Goal of the exercise
Using the data below, print exactly the line with "Il. 3. Bnin", the line with "Frida Kahlo. Retrato de mi padre , 1951", and every line between them, but none of the pictures.

(Beginning of Record extracts)

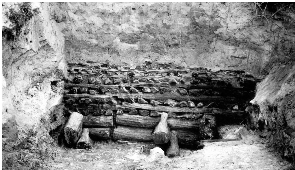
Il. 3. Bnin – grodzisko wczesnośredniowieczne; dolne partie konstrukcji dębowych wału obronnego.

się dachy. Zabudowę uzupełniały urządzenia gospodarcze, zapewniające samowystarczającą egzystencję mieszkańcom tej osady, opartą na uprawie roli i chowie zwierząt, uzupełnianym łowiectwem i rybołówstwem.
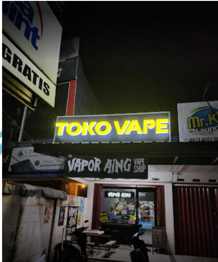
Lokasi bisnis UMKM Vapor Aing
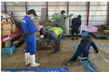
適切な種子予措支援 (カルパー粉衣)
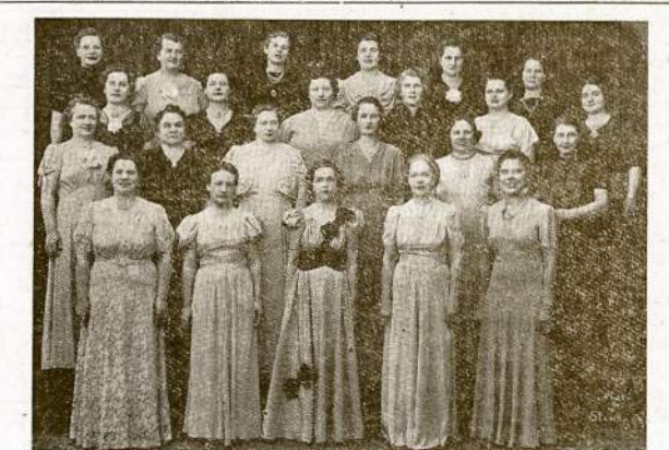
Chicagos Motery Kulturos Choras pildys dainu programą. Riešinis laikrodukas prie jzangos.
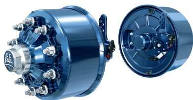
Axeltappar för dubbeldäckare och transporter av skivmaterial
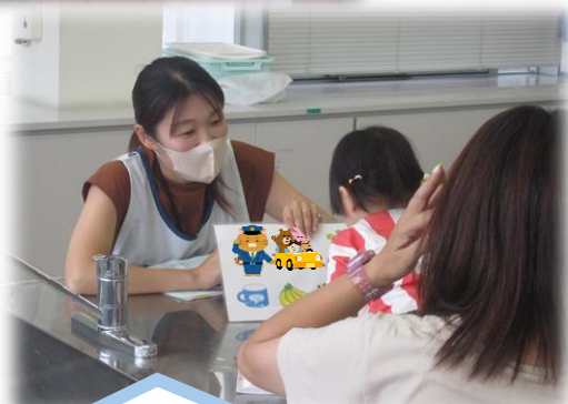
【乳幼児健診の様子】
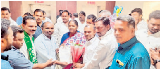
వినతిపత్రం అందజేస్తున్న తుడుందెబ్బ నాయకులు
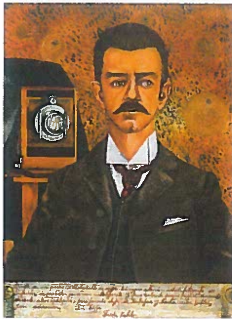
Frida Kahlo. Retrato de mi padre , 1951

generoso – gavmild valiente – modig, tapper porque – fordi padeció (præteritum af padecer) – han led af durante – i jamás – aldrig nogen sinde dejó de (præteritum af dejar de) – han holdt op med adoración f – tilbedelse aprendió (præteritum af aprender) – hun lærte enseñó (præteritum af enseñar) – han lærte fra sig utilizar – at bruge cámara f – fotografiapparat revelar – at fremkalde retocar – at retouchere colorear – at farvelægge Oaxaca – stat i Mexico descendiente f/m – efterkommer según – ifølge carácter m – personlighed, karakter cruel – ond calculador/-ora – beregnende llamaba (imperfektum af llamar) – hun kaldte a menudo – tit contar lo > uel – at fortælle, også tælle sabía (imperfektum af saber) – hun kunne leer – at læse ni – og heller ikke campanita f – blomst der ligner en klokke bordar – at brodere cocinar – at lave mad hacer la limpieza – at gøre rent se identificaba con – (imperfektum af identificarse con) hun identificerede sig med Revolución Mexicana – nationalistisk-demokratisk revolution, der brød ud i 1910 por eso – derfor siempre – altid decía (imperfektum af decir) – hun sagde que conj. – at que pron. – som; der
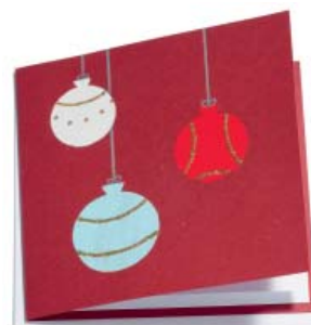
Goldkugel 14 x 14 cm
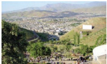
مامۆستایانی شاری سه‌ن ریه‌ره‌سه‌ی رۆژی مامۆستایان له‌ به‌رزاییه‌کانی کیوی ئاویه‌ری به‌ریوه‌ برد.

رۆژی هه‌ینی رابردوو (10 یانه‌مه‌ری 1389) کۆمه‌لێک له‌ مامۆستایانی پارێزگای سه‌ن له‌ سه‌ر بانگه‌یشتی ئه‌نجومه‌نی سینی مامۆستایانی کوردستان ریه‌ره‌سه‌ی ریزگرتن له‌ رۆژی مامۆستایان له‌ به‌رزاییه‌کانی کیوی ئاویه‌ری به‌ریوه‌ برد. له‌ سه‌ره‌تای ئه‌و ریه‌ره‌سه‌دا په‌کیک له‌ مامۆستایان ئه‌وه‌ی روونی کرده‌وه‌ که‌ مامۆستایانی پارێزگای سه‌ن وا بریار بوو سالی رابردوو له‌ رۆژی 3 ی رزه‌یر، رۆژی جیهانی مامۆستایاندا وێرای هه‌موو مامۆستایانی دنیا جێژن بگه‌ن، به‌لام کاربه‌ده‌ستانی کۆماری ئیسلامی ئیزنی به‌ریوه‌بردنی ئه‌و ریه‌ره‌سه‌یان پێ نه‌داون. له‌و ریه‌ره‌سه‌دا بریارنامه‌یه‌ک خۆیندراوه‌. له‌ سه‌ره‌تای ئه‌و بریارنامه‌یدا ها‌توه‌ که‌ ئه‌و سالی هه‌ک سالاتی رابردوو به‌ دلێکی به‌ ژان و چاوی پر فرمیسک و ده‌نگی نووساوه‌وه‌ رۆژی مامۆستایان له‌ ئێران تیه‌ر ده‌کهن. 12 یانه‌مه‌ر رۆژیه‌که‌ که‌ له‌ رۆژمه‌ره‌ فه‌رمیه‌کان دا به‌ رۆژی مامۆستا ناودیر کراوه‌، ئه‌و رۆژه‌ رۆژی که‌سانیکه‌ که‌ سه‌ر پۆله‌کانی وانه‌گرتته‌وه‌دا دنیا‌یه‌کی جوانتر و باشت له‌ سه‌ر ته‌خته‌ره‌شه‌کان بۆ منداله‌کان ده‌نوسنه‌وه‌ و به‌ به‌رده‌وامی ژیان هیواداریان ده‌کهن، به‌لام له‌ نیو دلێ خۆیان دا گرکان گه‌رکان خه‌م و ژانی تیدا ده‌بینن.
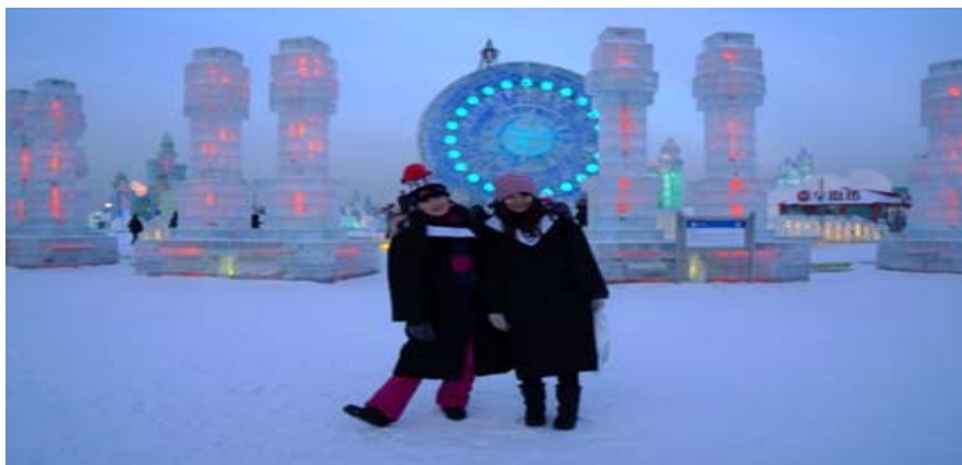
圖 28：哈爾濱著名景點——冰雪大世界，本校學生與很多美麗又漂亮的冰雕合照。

(End of Record extracts)
(Beginning of Record extracts)

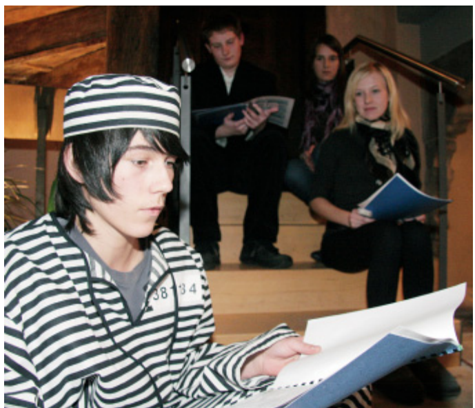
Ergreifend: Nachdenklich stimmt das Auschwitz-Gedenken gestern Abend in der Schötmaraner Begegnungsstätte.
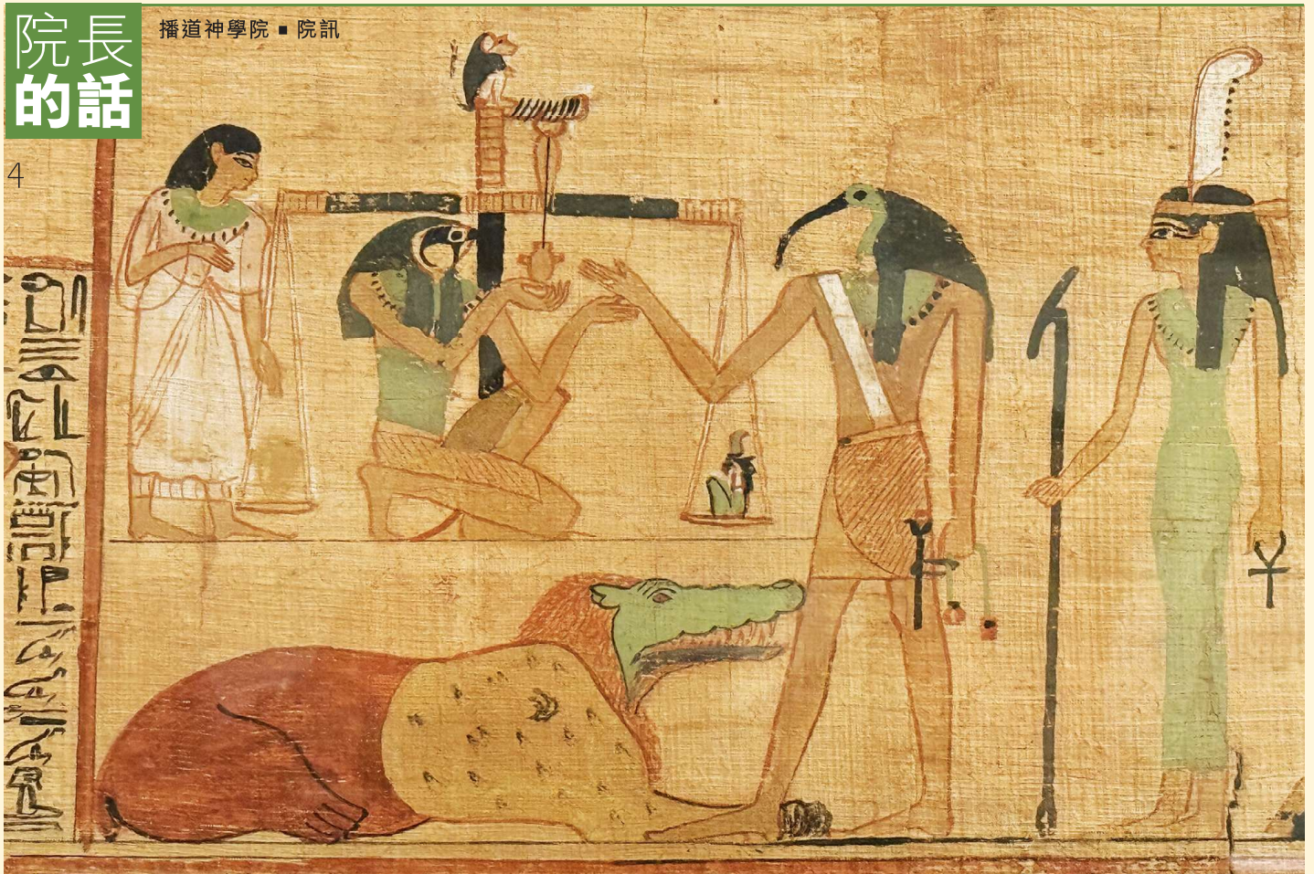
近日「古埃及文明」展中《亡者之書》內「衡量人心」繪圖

(End of Record extracts)

Answer to the problem
Il. 3. Bnin – grodzisko wczesnośredniowieczne; dolne partie konstrukcji dębowych wału obronnego.

się dachy. Zabudowę uzupełniały urządzenia gospodarcze, zapewniające samowystarczającą egzystencję mieszkańcom tej osady, opartą na uprawie roli i chowie zwierząt, uzupełnianym łowiectwem i rybołówstwem.
Lokasi bisnis UMKM Vapor Aing
適切な種子予措支援 (カルパー粉衣)
Chicagos Motery Kulturos Choras pildys dainu programą. Riešinis laikrodukas prie jzangos.
Axeltappar för dubbeldäckare och transporter av skivmaterial
【乳幼児健診の様子】
వినతిపత్రం అందజేస్తున్న తుడుందెబ్బ నాయకులు
Frida Kahlo. Retrato de mi padre , 1951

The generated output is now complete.